Runtime Footprint And Cleanup
Always make the runtime footprint explicit during onboarding:
- Release binary path starts
kubernetes-ontologyd on the host, and optionally
kubernetes-ontology-viewer. It creates no Kubernetes resources.
- Helm path creates Kubernetes Deployments for the server and viewer, Services,
a ServiceAccount, a ConfigMap, and read-only ClusterRole/ClusterRoleBinding
resources. It may also require
kubectl port-forward processes on the user's
workstation.
- Source path starts local
make serve and optional make visualize
processes from the checkout.
For short-lived use, tell the user how to clean up before ending the session:
kill "$(cat kubernetes-ontologyd.pid)"
helm uninstall kubernetes-ontology --namespace kubernetes-ontology
Only suggest deleting the kubernetes-ontology namespace when it was created
solely for this install and the user confirms no other resources should remain.
Source Development Path
Use this path for contributors or local code changes:
make build build-daemon build-viewer
cp local/kubernetes-ontology.yaml.example local/kubernetes-ontology.yaml
Edit local/kubernetes-ontology.yaml, then run in separate terminals:
make serve
make visualize
CLI checks:
make status-server
make list-entities-server ENTITY_KIND=Pod NAMESPACE=default LIMIT=20
make diagnose-pod-server NAMESPACE=default NAME=my-pod
For code changes, verify:
make verify
make live-check NAMESPACE=default NAME=my-pod
Troubleshooting The Onboarding
If entry not found:
- Check exact namespace/name.
- List available entities in the namespace.
- Confirm
contextNamespaces includes the target namespace, or is empty for
all namespaces.
If status is not ready:
- Check the server rollout and pod logs.
- Confirm the ServiceAccount has read access to the needed resources.
- Increase
bootstrapTimeout for large or slow clusters.
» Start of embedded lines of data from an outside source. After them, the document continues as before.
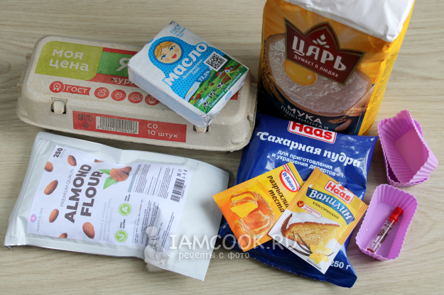 Для печенья «Финансье» подготовьте ингредиенты по списку к рецепту. Соотношение пшеничной и миндальной муки может варьироваться относительно друг друга. Для усиления вкуса берите экстракты или ароматизаторы со вкусом миндаля и амаретто.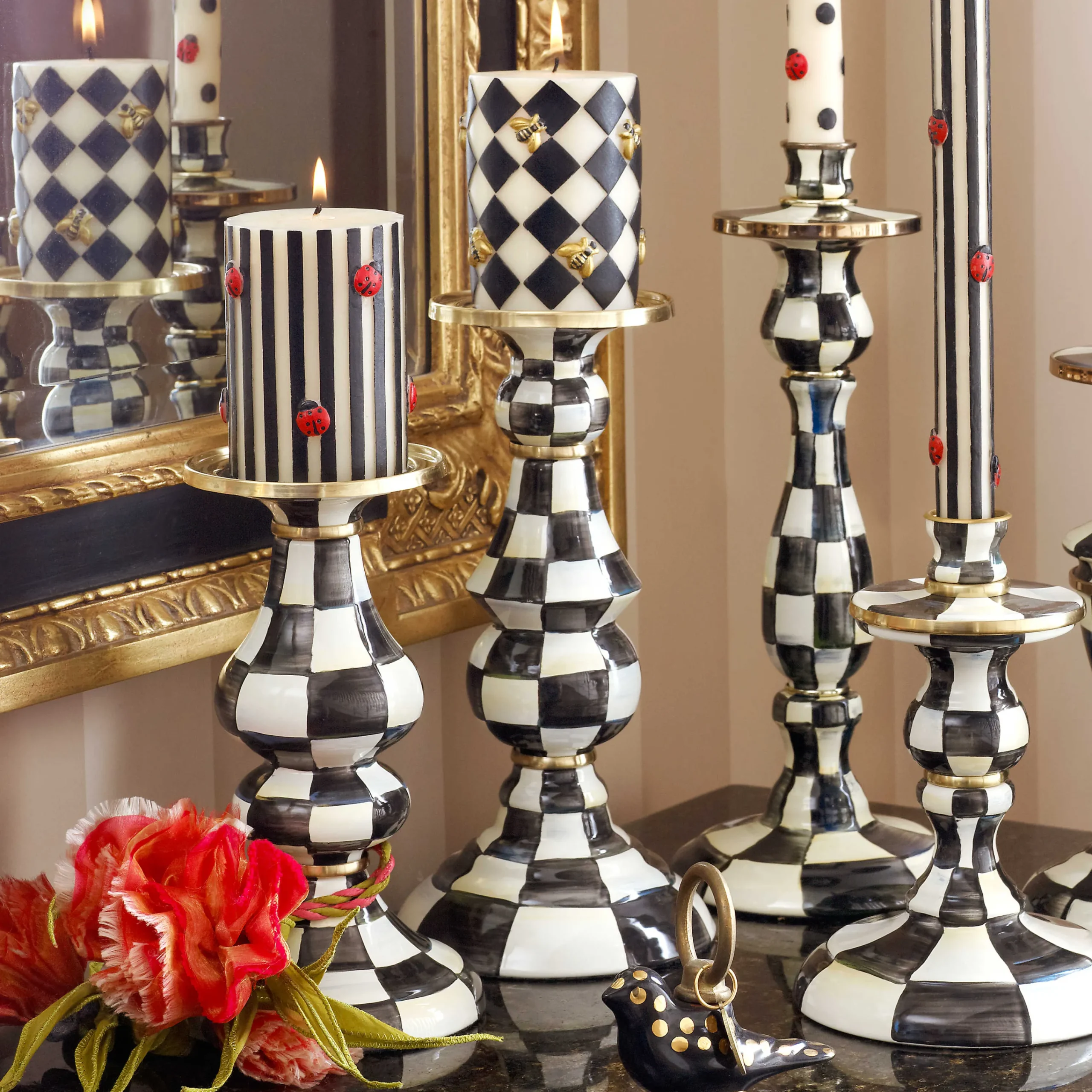 MacKenzie-Childs Courtly Check Enamel Pillar Candlestick – Large* Candles & Fragrances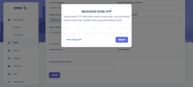 3. Sebuah kode One Time Password (OTP) akan dikirimkan ke Email Anda, periksa pesan dalam inbox Email Anda dan masukkan kedalam Form berikut :

If graph evidence seems too small:
- Increase diagnostic depth with
--max-depth or --storage-max-depth.
- Use
--expand-terminal-nodes for deliberate fan-out.
- Expand selected viewer nodes one hop instead of loading the whole cluster.
If the viewer cannot load data:
- Confirm both port-forwards are running.
- Check
http://127.0.0.1:18080/status.
- Restart the viewer port-forward and reload the page.